Eccleston turned to Tanner.
“You still got that old white mare here?”
“She’s in the willow paddock.”
“Go and catch her for me, Grey. There’s a bridle and rein in the back of the truck. Ride her back. We’ll quieten em down easier with her in the yard.”
When Grey left to get the mare, a late model sedan neither he nor Eccleston recognized pulled up the drive. The man who got out wore a suede jacket and sunglasses. His thinning brown hair was oiled firmly back on his skull.
Tanner climbed off the rail.
“If your useless black uncle shows up while I’m inside, tell him he’s not gettin a red cent.”
Eccleston stopped working the filly and spat and took a rolled cigarette from his shirt pocket and sucked on the end.
“You fire another shot at him, old man, and you’ll regret it.”
Tanner was suddenly nervous. He turned to the man beside him and mumbled something and the two of them laughed.

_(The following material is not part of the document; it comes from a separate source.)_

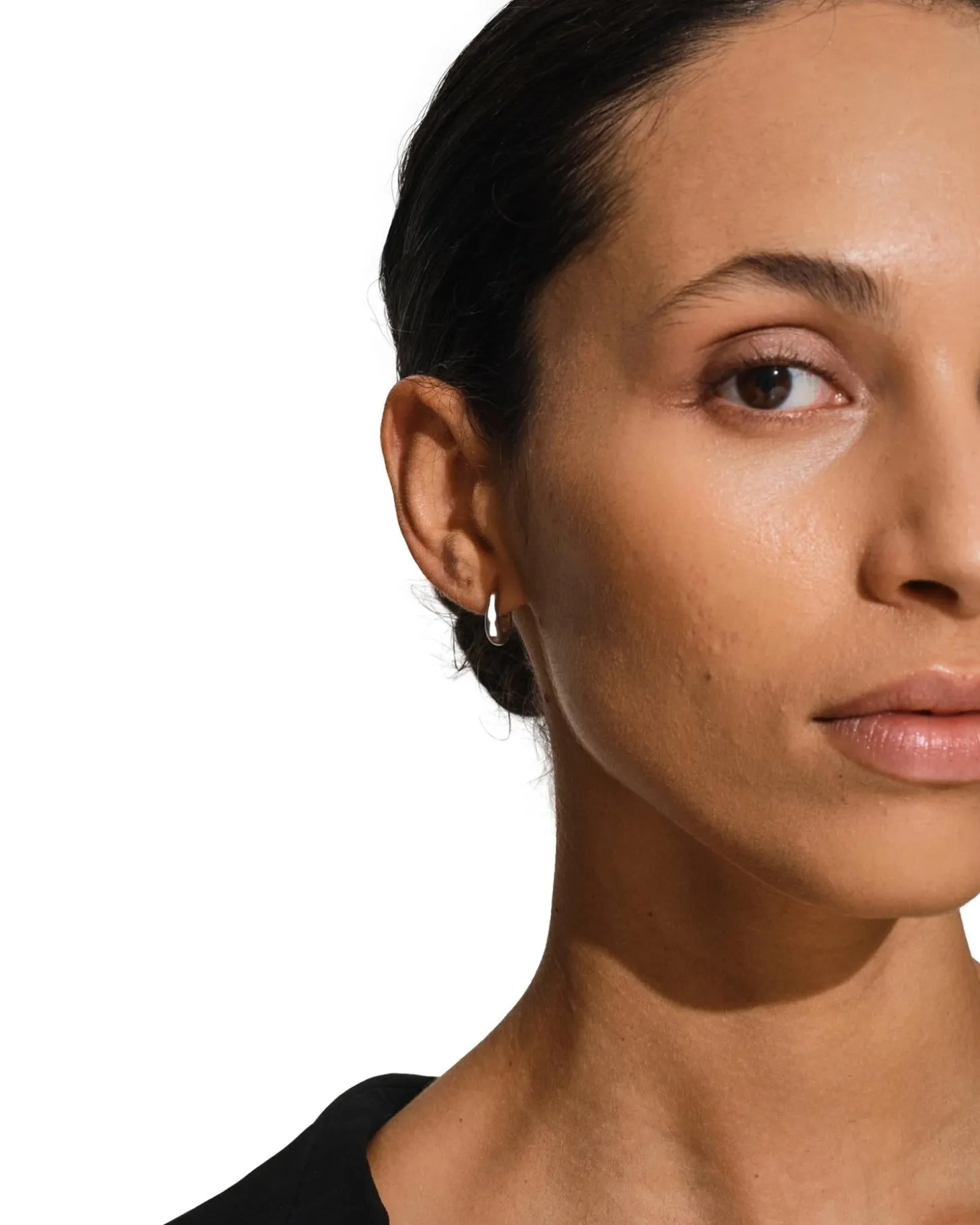 Et delikat par Huggies-øreringer, laget av 925 sterlingsølv med sateng-rodiumbelegg. Alle edle metaller er 100 % resirkulert.

“Don’t set fire to the place while I’m inside, Ook. The bloke I’m sellin the horses to cares about presentation. He won’t want em ripped apart goin over fences.”
Tanner drove the man the quarter-mile from the yards to his house.
“Who’s that?’ said Grey when he returned with the mare.
Eccleston shrugged.
“Looks like a racetrack urger or ex-cop.”
THEY WERE TOO tired to speak when they got into Grey’s truck late that afternoon. They splashed iodine on their shoulders and forearms that were wounded from being thrown into the yard rails. Lightning flashed on every horizon and a cloud as black as charred wood pulled wispy orange tendrils beneath it.